One thing I thought was interesting is they offer a web application that you can build your own custom distro and download your custom iso.

rude

I think they killed that

>AMD GPU drivers
Werked on my machine until , may be you ran into the same issue

Not as good as it used to be these days.

I'm trying to do server-side from scratch for the first time. Do I just use the sample code for the MySQL DB connection?

I still hate Yast

that's not very nice...

Grate distro. The best KDE integration. Highly recommended.

>
>german IT is a shitshow and a disgrace for the human species. an ultimate proof that germans love excrements

Hahaha, my fucking sides. You are damn right!

t. German

Probably, but whatever, arch just works with GNOME (issues with KDE, which I'd prefer)

Did you try to rollback from a snapshot? That's what it's there for. Arch will eventually break for you like it did for me as a former Arch user of five years.

It's fantastic. leap and tumbleweed are awesome but I prefer leap because it's extremely stable and updates less. It completely replaced debian for me

I had a normal setup with ext4 at the time, and iirc it would get stuck on a black screen with no access to tty until I fixed something from live media, then it refused to start xorg and would complain about mesa/xorg packages, so I promptly moved to arch without trying to fix it.

Not that user, but I disabled rollback because it ate hard drive space like candy and eventually had to switch to ext4 due to performance problems.

>without trying to fix it.
how lazy are you?

I was in the distrohopping phase and it breaking in a month of use was enough of a reason to switch. May be I'll try it again some day, but currently arch just works and I don't have enough time to play with multiple systems.

i did use netinstall iso

Best noobie distro

This is a problem, but unlike Debian, I can install WiFi drivers via rpm package and it will work, unlike Ubuntu buggy proprietary driver tool shit.
Other problem is that Packmans repo is slightly outdated, so it is a good idea to lock kernel updates.

Use gecko linux to remove bloat. It disables patterns in zypper by default (though you could do it manually in oS). Patterns are what cause the massive bloat - along with pulling in recommends by default.

Also, you're always going to have a higher package count tchan, say, Arch because they split packages. Same issue with Debian.

Tumbleweed is good. OBS has a ton of extra software. It's rpm-based without being Red Hat dependant - though a lot of Red Hat specific packages will install without issue if you absolutely need them. Systemd is unfortunate, but to be expected in any enterprise system these days (oS is a sort of feeder/parallel distro for SLES).

Yast is... meh. Useful sometimes if you don't want to research configs, but overall very un-*nix like. It reminds me of Windows Control Panel. Luckily, it's optional to use.

Linux user for 15+ years. RHEL sysadmin by trade.
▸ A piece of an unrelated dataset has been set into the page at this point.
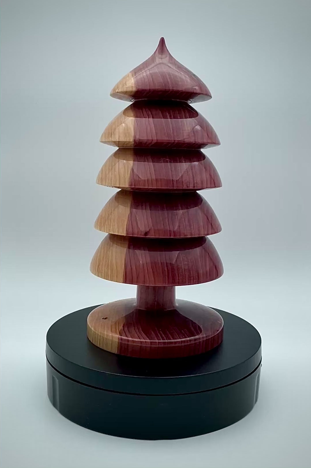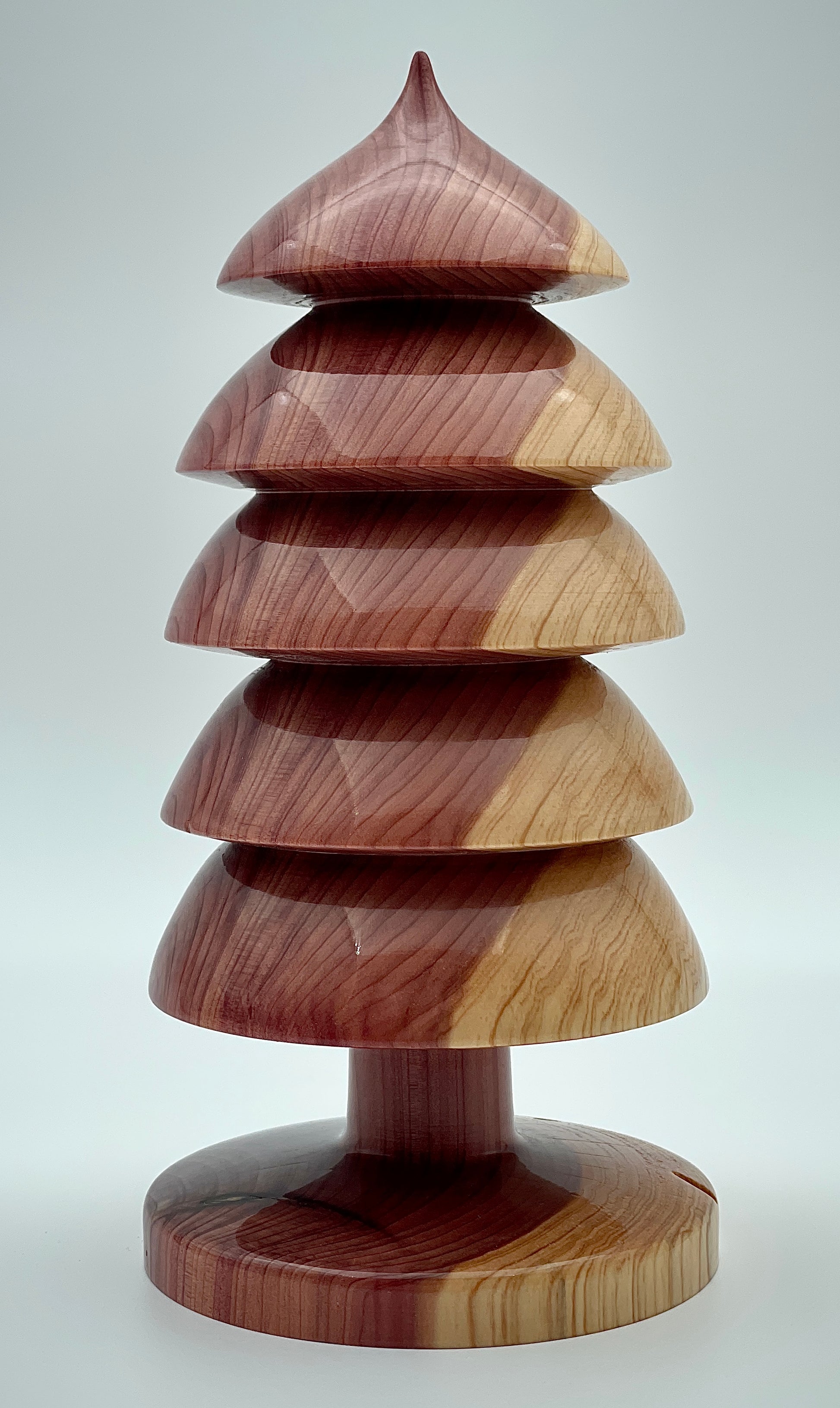 Western redwood tree. With a height of 7.5 inches and a width of 3.5 inches, the tree's rich coloration is striking. The contrast between colors serves to further accentuate its beauty.

I use openSUSE (and sometimes Slackware) when I just want it to work at home.

But is it more lightweight and not-in-your-way than Debian?
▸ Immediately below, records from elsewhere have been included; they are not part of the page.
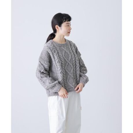やや太めの糸で編み上げられたウール100%のアイテム。ボリュームを感じますが、少し甘く編んでいるので着用するとからだに馴染み、大きくは見えないのがポイント。見た目よりも軽いので気軽に手に取っていただけるおすすめアイテムです。肩の落ち具合が抜けた雰囲気を演出。首元も開きすぎず上品な印象に仕上げました。スカートやパンツはもちろん、ワンピースの上にレイヤードしたスタイリングも素敵ですよ。シリーズで他の商品もご用意しているのでぜひご覧ください。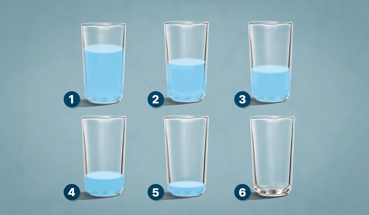 Пятый стакан: Стакан с минимальным количеством жидкости притягивает пессимистов, которые видят мир как несправедливое место и воспринимают жизнь как нечто скучное. Им стоит постараться заметить хорошие моменты вокруг, чтобы не впасть в пессимистичную бездну.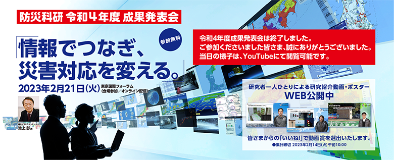 - ■ここに発表されている研究紹介動画、研究成果ポスターの著作権は国立研究開発法人防災科学技術研究所に帰属いたします。これらの一部または全部の複製は、私的利用、その他著作権法によって認められる範囲に限ります。なお、複製した著作物の転載、改変、送信、再配布等を行うことは固くお断りいたします。私的利用、その他著作権法によって認められる範囲を超えて使用しようとする方は、必ず、 doga_poster_goiken[AT]bosai.go.jp までお問い合わせの上、防災科研の許可を得てください。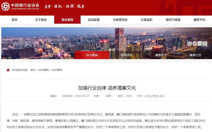 8月24日,廈門國際銀行北京分行發(fā)文證實此事并致歉。該行表示,員工楊某反映的中關村支行營業(yè)部某領導及該支行個別員工在私下非公款聚餐中,確系存在因酒后失態(tài)而對楊某做出言語及行為失當?shù)扰e動,上述行為確實對其本人造成了影響和傷害,對此深表歉意。

>It reminds me of Windows Control Panel.
Like something bad.
Hell no, dependencies in OpenSUSE are just bloated. Even if you disable patterns and recommendations.

Without recommends you're pulling in essentially what every other distribution does.

Testing
Onions
Basedboi
Soiboi

I want to try Tumbleweed, some anons have experience with it?

well, german scat porn is one of the most exquisite in the world. Not even japanese get close

the important question is, can I install i3 + rofi + i3pystatus and rice it?

Only seriousway to use openSuSE on the desktop, imo.
Leap is so old it's mostly server oriented.

Snapper is a feature worth learning. It's a command/GUI that lets you rollback your system in case an update breaks something.